▶ [PROVIDED INFORMATION]
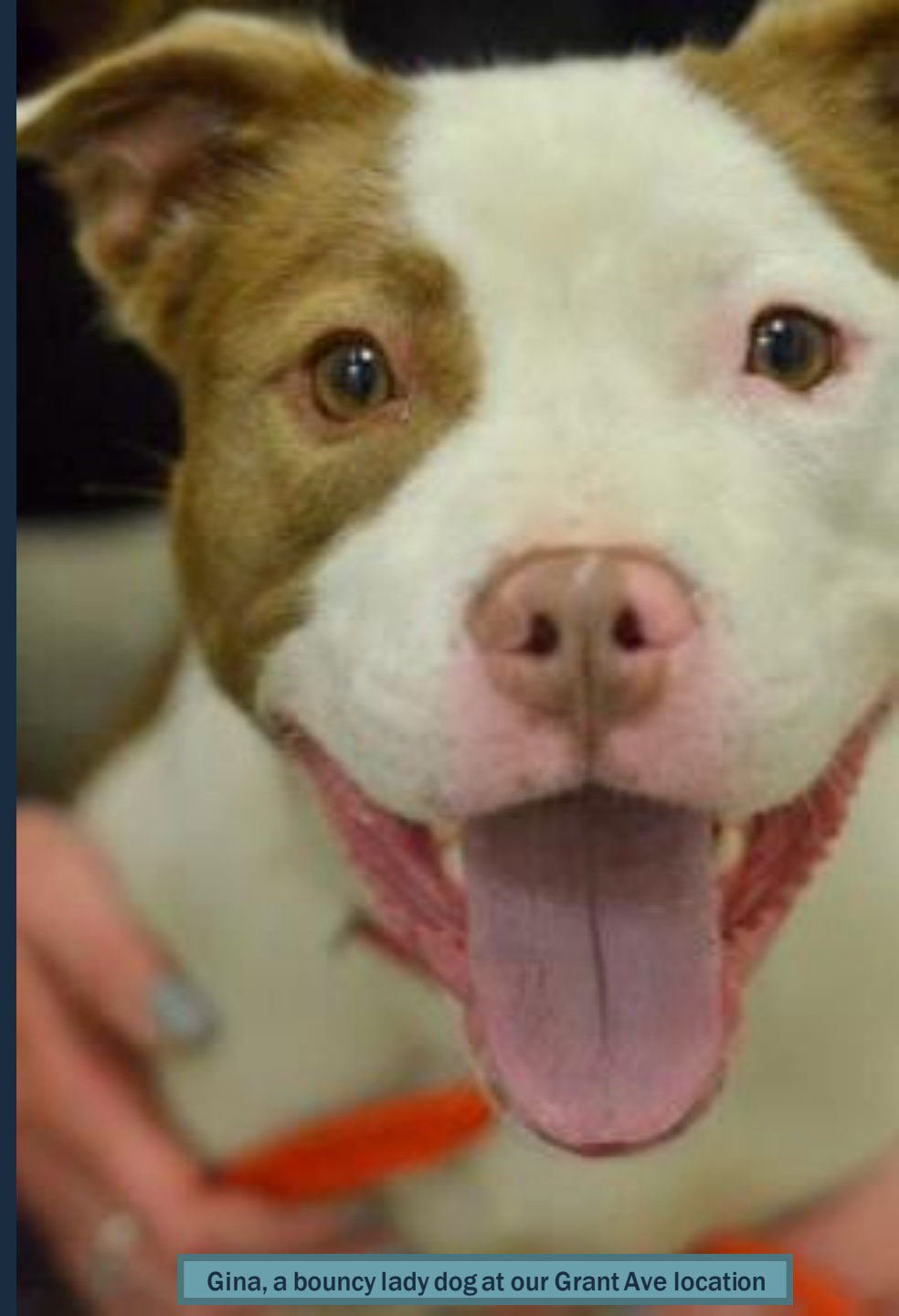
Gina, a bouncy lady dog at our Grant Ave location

---

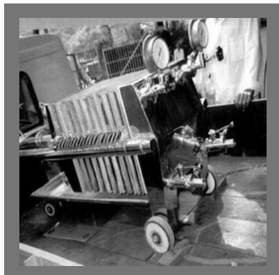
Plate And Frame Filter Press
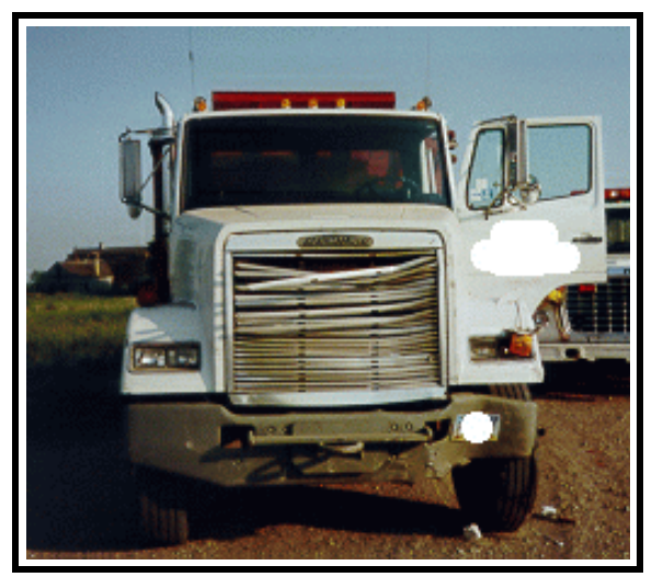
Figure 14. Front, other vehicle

▶ [REQUIRED WORK]
Copy exactly the lines of the listing above between the one holding "Plate And Frame Filter Press" and the one holding "Figure 14. Front, other vehicle", inclusive; omit all pictures.

▶ [EXERCISE RESPONSE]
Plate And Frame Filter Press
Figure 14. Front, other vehicle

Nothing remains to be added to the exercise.